Former Pakistani Prime Minister Sentenced to 10 Years in Prison

July 6, 2018, 4:54 PM UTC

Former Pakistani Prime Minister Nawaz Sharif was convicted in absentia and sentenced to 10 years in prison on corruption charges Friday. The verdict, which also includes a fine of 8 million pounds ($10.6 million), comes from a case stemming from issues brought to light by the 2015 Panama Papers.

The leak revealed that the Sharif family had links to offshore companies allegedly used to channel funds and purchase foreign assets, including four expensive apartments in London. Sharif was ousted from office last year when he could not provide a money trail explaining the purchase of these properties. Just five months ago, another court case barred Sharif from leading his political party, Pakistan Muslim League-Nawaz (PML-N).
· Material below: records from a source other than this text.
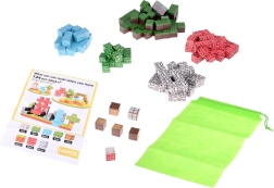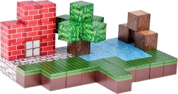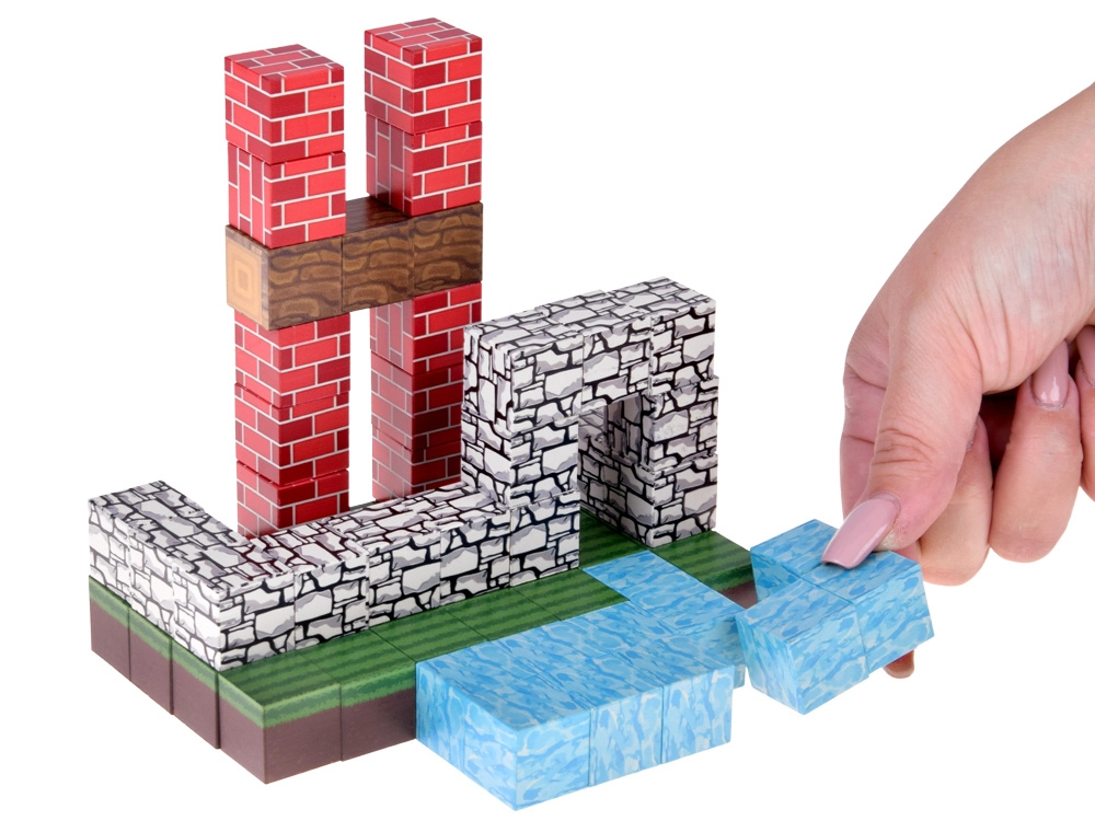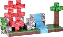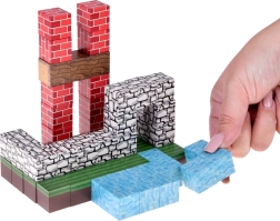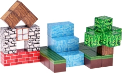 Rozmanitý mix kostek s potisky trávy, vody, cihel, kamene a dřeva vám umožní skládat domy, terén i stromy – přesně podle vašich představ.
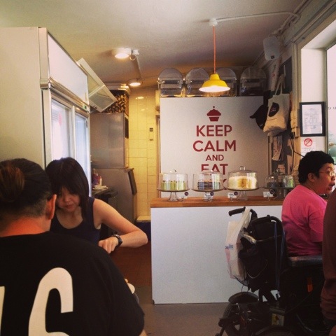 For those who can’t take the blazing noon time heat (like me), you either have to call and reserve your table a few days in advance or keep your fingers cross. There are 2 table tops and a long side table in the air-conditioned area. Thankfully, we managed to secure one of the round tables. Overheard the owner sharing with his other customers that the kitchen behind the ‘Keep Calm’ wall used to be the swimming pools male changing room. What an incredible change of use!
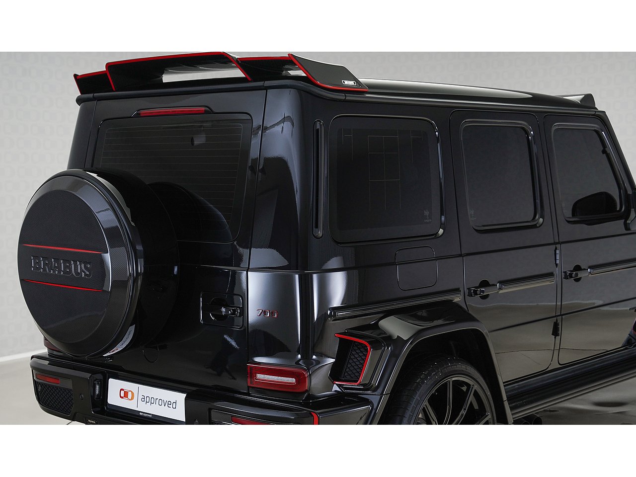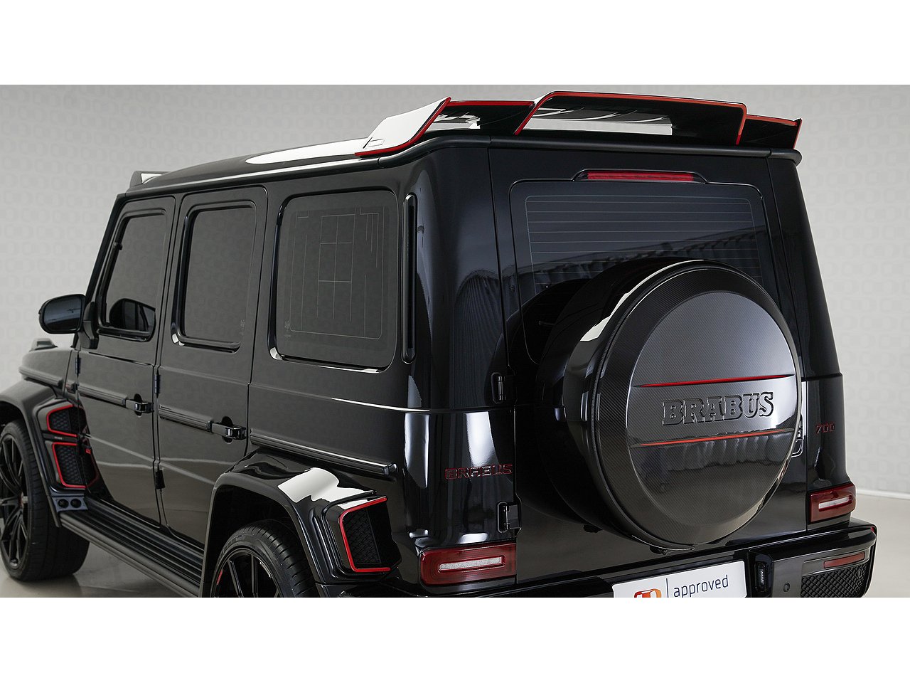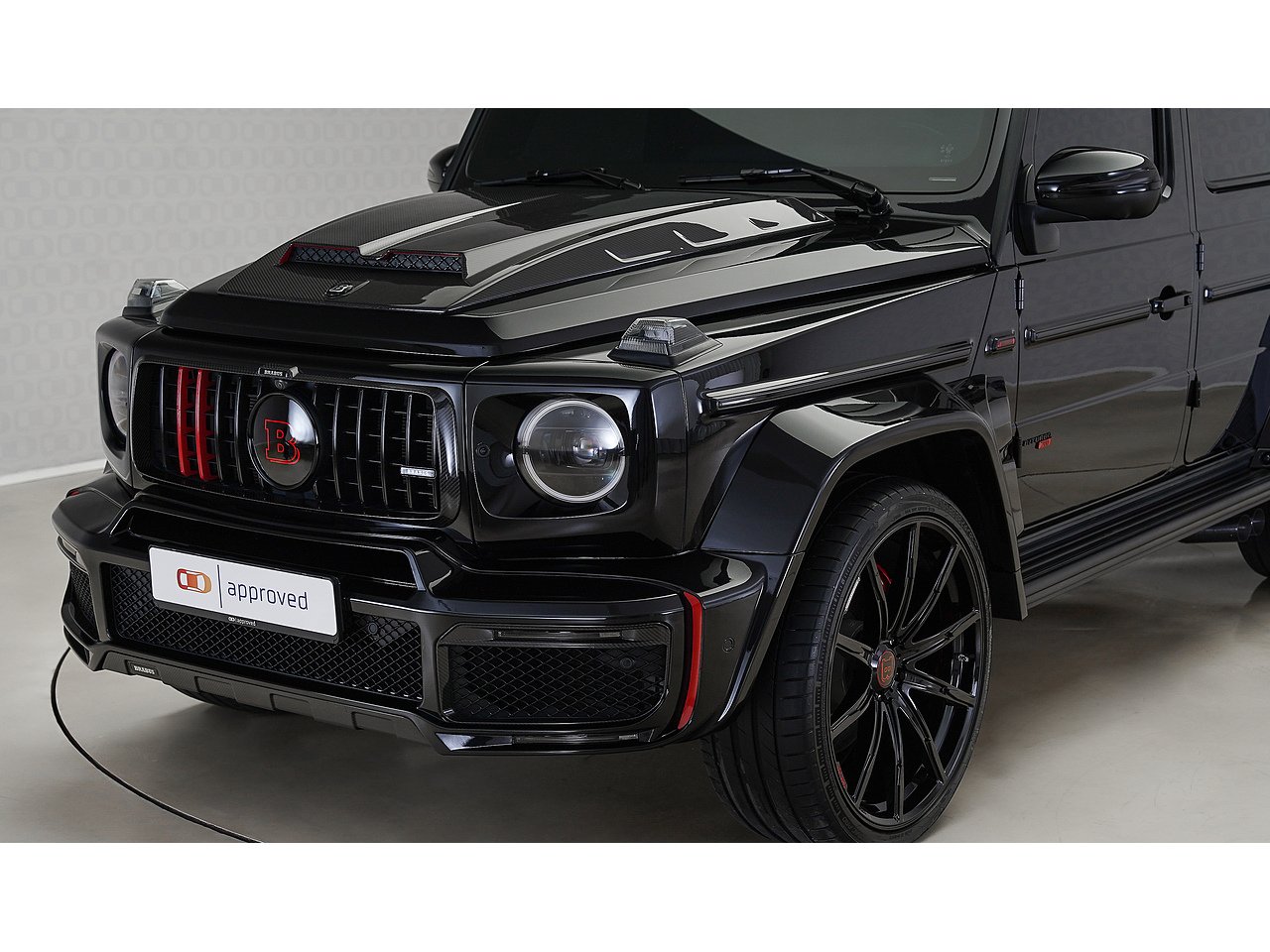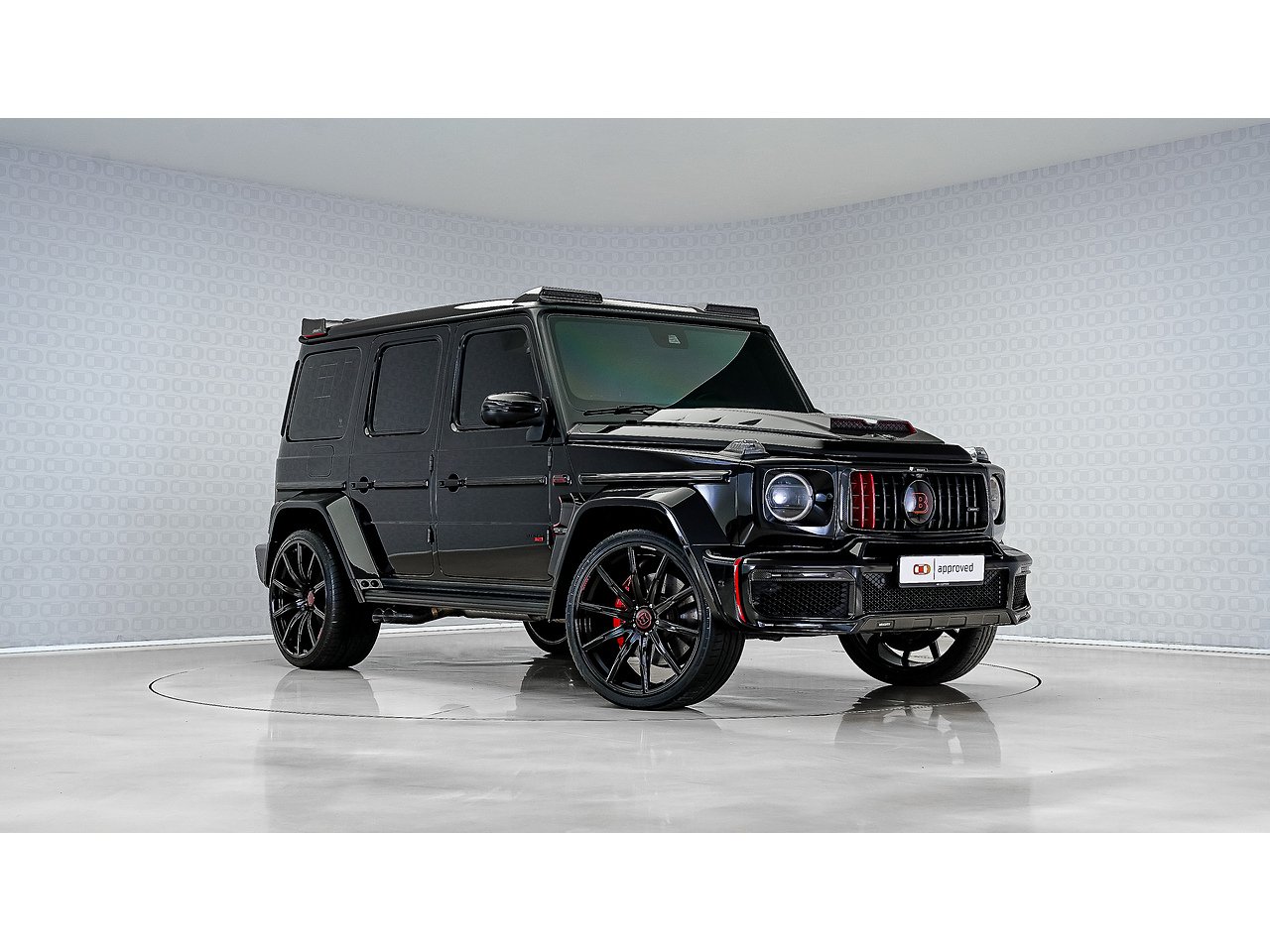 Black on black with a flash of red - the 2022 Brabus G700 Widestar in Obsidian Black is pure, unapologetic aggression. Carbon fibre bullnose bonnet, LED lightbar, red styling accents and a sports exhaust that announces its arrival before you even see it. Riding on 24-inch Brabus Z Platinum forged wheels, the stance alone stops traffic. Inside, Exclusive Red Nappa leather and full Piano Black trims create a cockpit that matches the exterior's intensity, all controlled through the AMG Drive Unit. GCC spec, fully accessorized, and built to dominate. Not for the faint-hearted. Viewing by appointment.

Sharif’s daughter Maryam Nawaz Sharif and her husband Muhammad Safdar were also convited. The court ordered the seizure of the family’s four luxury apartments located next to Hyde Park in London, where the family currently lives in an “unannounced exile.”

Sharif has been a figure in Pakistani politics for decades, known for defending civilian governance while representing Pakistan’s elite. He’s served as prime minister three times, but never finished a term. His first ended in resignation from military pressure in the early 1990s; his second ended in an army coup in the late 1990s. His third ended last year after the release of the Panama Papers, although the Sharif family denies all wrongdoing.

It’s uncertain if Sharif and his daughter will actually return to Pakistan to serve their sentences. According to the New York Times, they’re currently caring for Nawaz Sharif’s ailing wife, who has cancer, in London.

The conviction is expected to hurt Sharif’s political party’s chances in the upcoming national elections. Sharif’s brother Shahbaz Sharif, who inherited leadership of PML-N, said in a statement that the party rejects Friday’s verdict.

“The decision is flawed, politically motivated and has glaring loopholes,” he said.